| Last Updated ( 12/15/2009 11:23 ) | |
|
|
| Finding Financing |
|
Lenders still have a strong appetite for student housing sector.
Peter Stelian
According to Jim Tramuto, senior vice president of debt and equity finance for CB Richard Ellis, the lending environment for student housing as a whole has been very positive over the past eight to 12 months, and it continues to get even stronger. “The 2009-2010 leasing season in particular has shown how student housing can weather the storm quite effectively,” he notes. Lenders such as Fannie Mae and Freddie Mac continue to lead the pack in terms of favorable financing; however, underwriting has changed along with the upheavals in today’s economy and lenders are looking for specific parameters in order to close a transaction. Frank Lutz of Fannie Mae notes that the reason that the GSE’s student housing portfolio is doing so well is because of stricter underwriting standards, meaning they only choose deals that fit within a specific set of parameters. Ted Patch, senior vice president at Walker & Dunlop, one of the largest DUS and Freddie Mac Program Plus lenders, says, “One of the keys to ensuring financing for any student housing project are solid fundamentals such as an experienced operator and proximity to the university — the closer the better. And the size of the university is also important. Fannie Mae focuses on larger universities with an enrollment of 20,000 or more students and Freddie Mac will go as low as 8,000 students.” In terms of obtaining financing for new developments, Tramuto explains that both of the agencies are very weary of the cash-out refinance and shorter term debt, and their underwriting parameters get significantly more conservative if either is the case. “If, however, a developer is just looking to take out the construction lender with longer term debt, then there is still very attractive 75 percent LTV [loan-to-value] debt available,” he explains. In terms of student housing acquisitions, Tramuto believes that is going to be a bright spot on the horizon. “The agencies look favorably upon fresh equity going into a project. As a result of this, acquisitions typically generate the most aggressive loan terms — and we have seen acquisition financing get up to 80 percent LTV in some cases with longer term debt.”
Frank Lutz
While some might say that underwriting standards have tightened, Lutz believes that it is more of a matter of going back to the way things used to be. “As changes over the last year were going on and financing was becoming more conservative, we went back to a more normal and traditional underwriting standard,” he notes. “My hope is that we remain there.” Lutz, for the most part, believes that the capital markets have finally stabilized, but notes that many are still very cautious as to what might still lie ahead. “There are some people that feel that we are in for more pain ahead in the commercial real estate business, so we could tighten up more. But, I would say that in the future we will remain in this state of more traditional underwriting standards,” he adds.
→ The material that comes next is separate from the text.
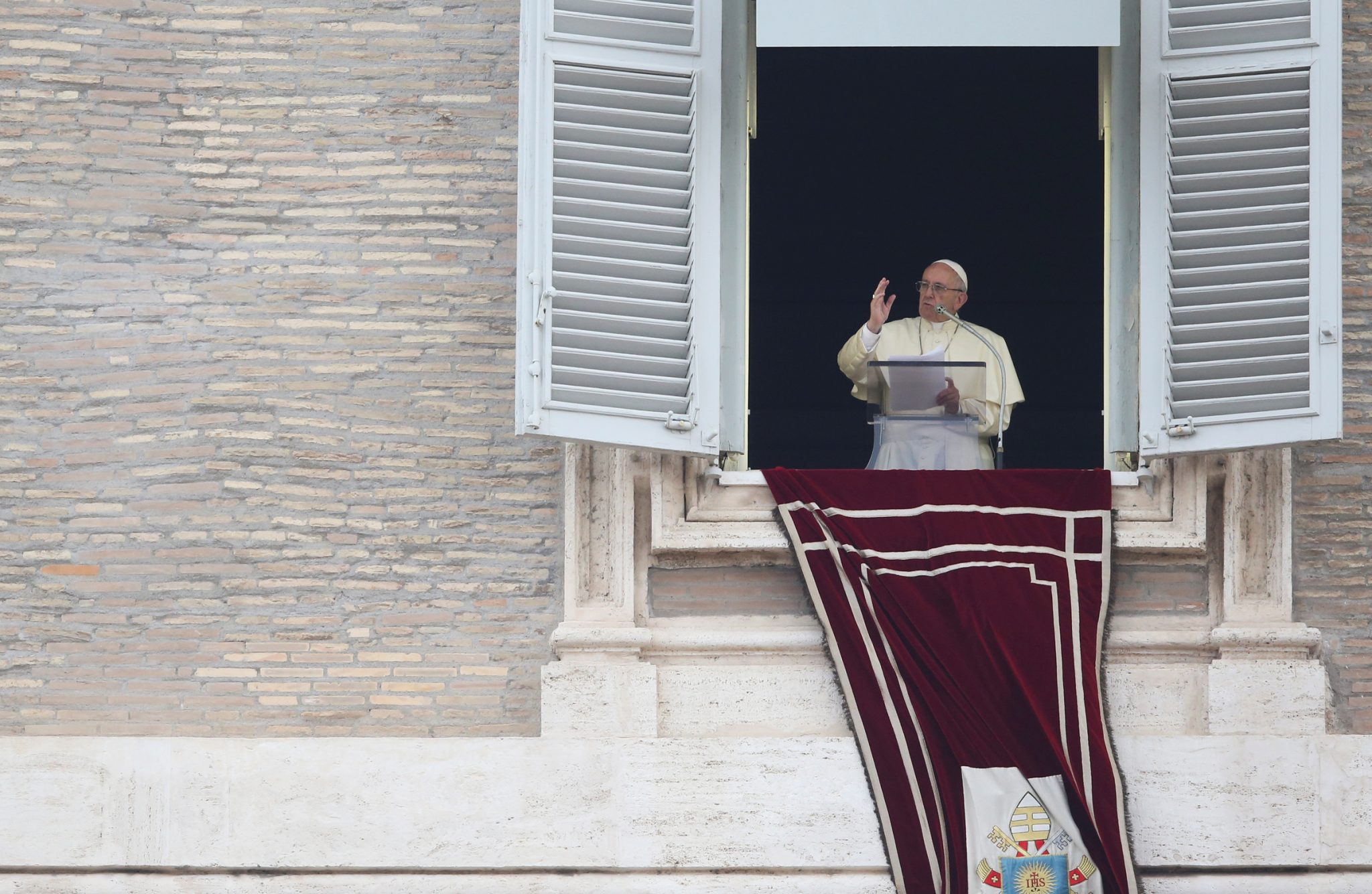 Pope Francis leads the Angelus from the window of his studio overlooking St. Peter's Square Oct. 22 at the Vatican. (CNS photo/Tony Gentile, Reuters) See POPE-ANGELUS-MISSION-2019 Oct. 23, 2017.

Tramuto agrees with Lutz, noting that he expects that the state of student housing lending, particularly in regards to Fannie and Freddie, will remain business as usual. “We are hopeful that the life companies will re-enter the space they voided a while ago, which is lending on dorm-style assets that the agencies will not finance, but only time will tell on that front as the life companies are slowly but surely trickling back into the market with some very conservative money,” Tramuto says. Tramuto, however, is not quite as hopeful when it comes to traditional bank financing. “It is a toss up as far as what we will see over the next year. The strength of local and regional banks are being tested on a daily basis with extensive loan maturities and bad debt,” he explains. “We are seeing some activity there, but not a significant amount and the loans that are getting done are with existing banking relationships.” Patch believes that the future of lending for student housing product should remain stable, due largely in part to attractive demographics. “If you look at the number of students scheduled to enroll in universities going forward, it is growing, so the demographics are very good; thus, the appetite from Fannie and Freddie will remain strong going forward,” he says.
Ted Patch
“The biggest difference in how we do business now is that we have to put more equity in the transaction because loan proceeds are lower,” he explains. “We might only be able to get 65 percent for a construction loan or 70 percent for an acquisition loan.”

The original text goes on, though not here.